Attempted randomized controlled trial of pamidronate versus calcium and calcitriol supplements for management of steroid-induced osteoporosis in children and adolescents.

作者信息

Brown J J, Zacharin M R

机构信息

Department of Endocrinology and Diabetes, Royal Children's Hospital, Parkville, Victoria, Australia.

出版信息

J Paediatr Child Health. 2005 Nov;41(11):580-2. doi: 10.1111/j.1440-1754.2005.00720.x.

Abstract

OBJECTIVES

To describe an attempted interventional trial for glucocorticoid-induced osteoporosis in children and adolescents and to discuss the reasons for trial failure to inform future interventional studies in this important group of patients.

METHODS

Prospective randomized controlled trial comparing the effect of bisphosphonate therapy with calcium and vitamin D supplementation on bone mineral accrual is described.

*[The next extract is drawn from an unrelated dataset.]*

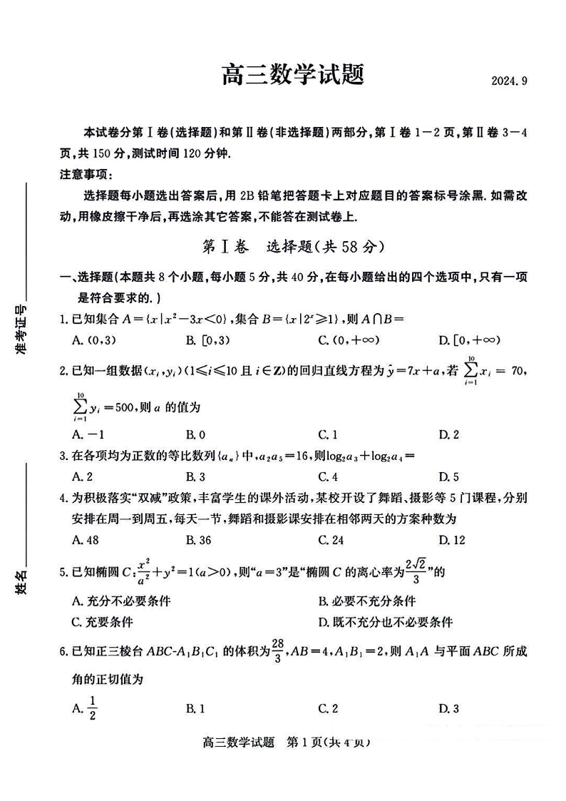 山东省德州市2025届高三上学期9月开学考试数学试题+答案
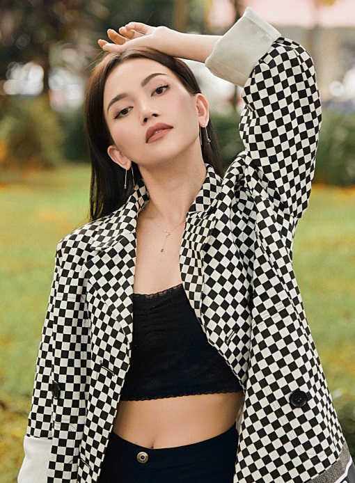 Với phong cách đa dạng và khả năng biến hóa khôn lường của mình, Sĩ Thanh đã chứng minh diện đồ đen vẫn có thể mix thêm họa tiết đơn sắc để bộ cánh trở nên ấn tượng, nổi bật. Diện bratop và quần hot pants gắn liền với phong cách gợi cảm quen thuộc, Sĩ Thanh khéo léo chọn blazer họa tiết caro bắt mắt để tạo chất riêng cho bộ cánh Black Friday của mình.

For non-trial patients, retrospective analysis of the effect of calcium and vitamin D supplementation combined with bisphosphonate treatment on bone mineral accrual.

RESULTS

Only 12 patients were enrolled in the trial over 4 years. Bisphosphonate recipients (n = 5) had a mean annual percentage increase in lumbar spine bone mineral density of 8.76 +/- 5.2% compared to 6.6 +/- 4.0% in the calcium/vitamin-treated group (difference not significant). Mean annual change in lumbar spine areal bone mineral density in non-trial patients (n = 11) was 3.72 +/- 2.5%.

CONCLUSION

Conducting a randomized controlled trial in this group of corticosteroid users is difficult, given the unpredictable nature of the underlying disease and intermittent need for steroid treatment. The trial failed through inadequate recruitment combined with discontinued interventions.

摘要

目的

描述一项针对儿童和青少年糖皮质激素诱导性骨质疏松症的介入性试验,并讨论试验失败的原因,以便为这一重要患者群体未来的介入性研究提供参考。

方法

描述一项前瞻性随机对照试验,比较双膦酸盐疗法与补充钙和维生素D对骨矿物质积累的影响。对于非试验患者,回顾性分析补充钙和维生素D联合双膦酸盐治疗对骨矿物质积累的影响。

结果

4年期间仅有12名患者入组该试验。接受双膦酸盐治疗的患者(n = 5)腰椎骨矿物质密度的年平均百分比增加为8.76±5.2%,而钙/维生素治疗组为6.6±4.0%(差异不显著)。非试验患者(n = 11)腰椎面积骨矿物质密度的年平均变化为3.72±2.5%。

结论

鉴于潜在疾病的不可预测性以及对类固醇治疗的间歇性需求,在这组使用皮质类固醇的患者中进行随机对照试验很困难。该试验因招募不足以及干预措施中断而失败。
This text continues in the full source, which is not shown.